→ AVAILABLE RECORDS
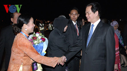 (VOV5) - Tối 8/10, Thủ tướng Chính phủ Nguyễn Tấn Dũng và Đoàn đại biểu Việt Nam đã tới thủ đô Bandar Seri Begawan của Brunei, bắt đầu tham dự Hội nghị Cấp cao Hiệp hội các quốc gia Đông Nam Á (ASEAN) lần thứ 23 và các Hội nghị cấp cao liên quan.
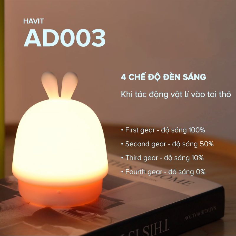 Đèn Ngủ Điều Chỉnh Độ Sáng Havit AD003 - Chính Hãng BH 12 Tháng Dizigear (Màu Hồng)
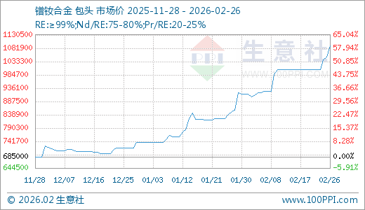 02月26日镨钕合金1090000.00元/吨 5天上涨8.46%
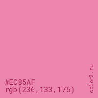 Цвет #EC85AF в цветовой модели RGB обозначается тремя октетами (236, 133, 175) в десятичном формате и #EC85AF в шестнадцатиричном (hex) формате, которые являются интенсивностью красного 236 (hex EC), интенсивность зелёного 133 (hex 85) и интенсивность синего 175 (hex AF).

* * *

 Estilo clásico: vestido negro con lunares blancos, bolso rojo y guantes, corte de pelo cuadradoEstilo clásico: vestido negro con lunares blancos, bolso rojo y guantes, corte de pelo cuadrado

→ PROBLEM DETAILS
In the listing above, find the line with "(VOV5) - Tối" and the line with "Цвет #EC85AF в". Set down both and every line between them, minus the pictures.

→ EXPECTED ANSWER
 (VOV5) - Tối 8/10, Thủ tướng Chính phủ Nguyễn Tấn Dũng và Đoàn đại biểu Việt Nam đã tới thủ đô Bandar Seri Begawan của Brunei, bắt đầu tham dự Hội nghị Cấp cao Hiệp hội các quốc gia Đông Nam Á (ASEAN) lần thứ 23 và các Hội nghị cấp cao liên quan.
 Đèn Ngủ Điều Chỉnh Độ Sáng Havit AD003 - Chính Hãng BH 12 Tháng Dizigear (Màu Hồng)
 02月26日镨钕合金1090000.00元/吨 5天上涨8.46%
 Цвет #EC85AF в цветовой модели RGB обозначается тремя октетами (236, 133, 175) в десятичном формате и #EC85AF в шестнадцатиричном (hex) формате, которые являются интенсивностью красного 236 (hex EC), интенсивность зелёного 133 (hex 85) и интенсивность синего 175 (hex AF).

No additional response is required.